Book 1, Ch. 107 “Yasmine” — October 12, 2032: Two Weeks after Detonation
POV: Yasmine Bahrami · Location: Yasmine’s kitchen
Yasmine drinks black coffee at her kitchen island and reflects on the turnaround since she drove to Gilroy to borrow Dave’s cameras and drones at her lowest point — unemployable, burning savings, badmouthed by a former editor. Her Patreon is overflowing; CNN and Fox have made offers she turned down (too biased, wrong format — she wants investigative work, not talking-head). She has a shortlist of twelve wish-list topics to pitch networks; Dave is ready to produce if she starts her own channel. A first-class ticket to New York for Inside Scoop with Dani Martin (2M average Friday viewers) sits on the counter. Her band buzzes: her father, video-on (rare). Fearing disapproval, she answers “Baba joon.” He apologizes — “khoshgelam” — for pushing her into medicine instead of supporting her own path; her mother (who died having asked him to bring Yasmine to America to escape risk of rape, whipping, imprisonment for wearing contemporary clothes) would be ashamed of him but proud of her. Yasmine is stunned speechless.
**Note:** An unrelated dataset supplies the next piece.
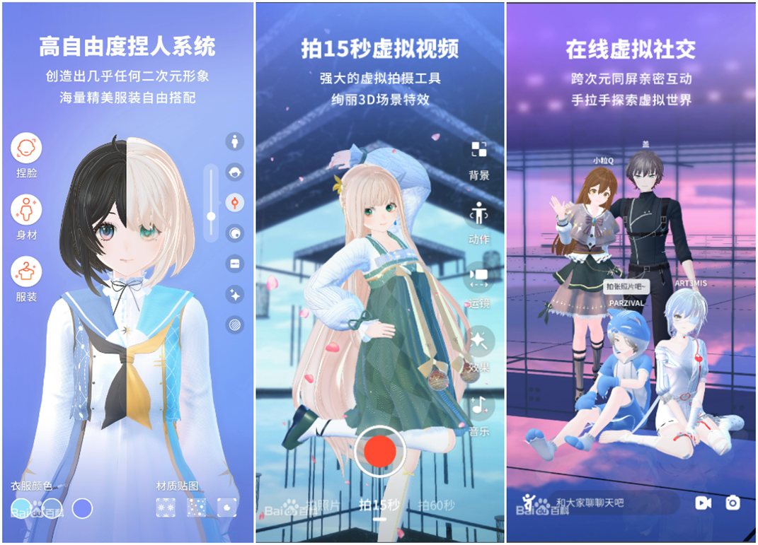 在 Wave Particles 推出的首款虚拟社交软件“Vyou”中,用户可以通过 3D 捏脸功能创建自己的头像,通过手机的前置摄像头和麦克风捕捉面部表情和声音,与虚拟世界进行交流. 社交互动,例如与朋友合影。

Book 1, Ch. 108 “Lucas” — October 29, 2032: Three Weeks after Detonation
POV: Lucas Sinclair · Location: First-class airliner DC-bound; Ronald Reagan National; Pentagon
Lucas, on his first-ever flight, flies to DC for the first official meeting of the Council for AI Safety — twice rescheduled due to nationwide protests. Yasmine’s Dani Martin interview has quieted conspiracy theorists, especially after Lucas and Sam allowed her to release their names; interview requests have become his second job. A black-suit escort with sunglasses meets him with a SINCLAIR sign; a black SUV drives him twenty minutes through rush-hour traffic to the Pentagon, during which he texts Ali. Lucas feels starstruck by the Pentagon’s marble and wood interior and insecure in the conference room with eleven other Council members — scholars whose books he devoured after his parents’ accident. Dittweiler opens the first meeting, reminds the group that everything is classified and that the body’s suggestions are non-binding but have a presidential and bipartisan congressional pledge to implement, then hands the floor to “the only human being who has ever actually stopped a class-four AGI: Mr. Lucas Sinclair.” Lucas stands shakily and begins: “Today, I’m going to go through a technical deep dive into the architecture and behavior of the distributed neural network that Orchestrator created out of commodity routers…” Book ends mid-presentation.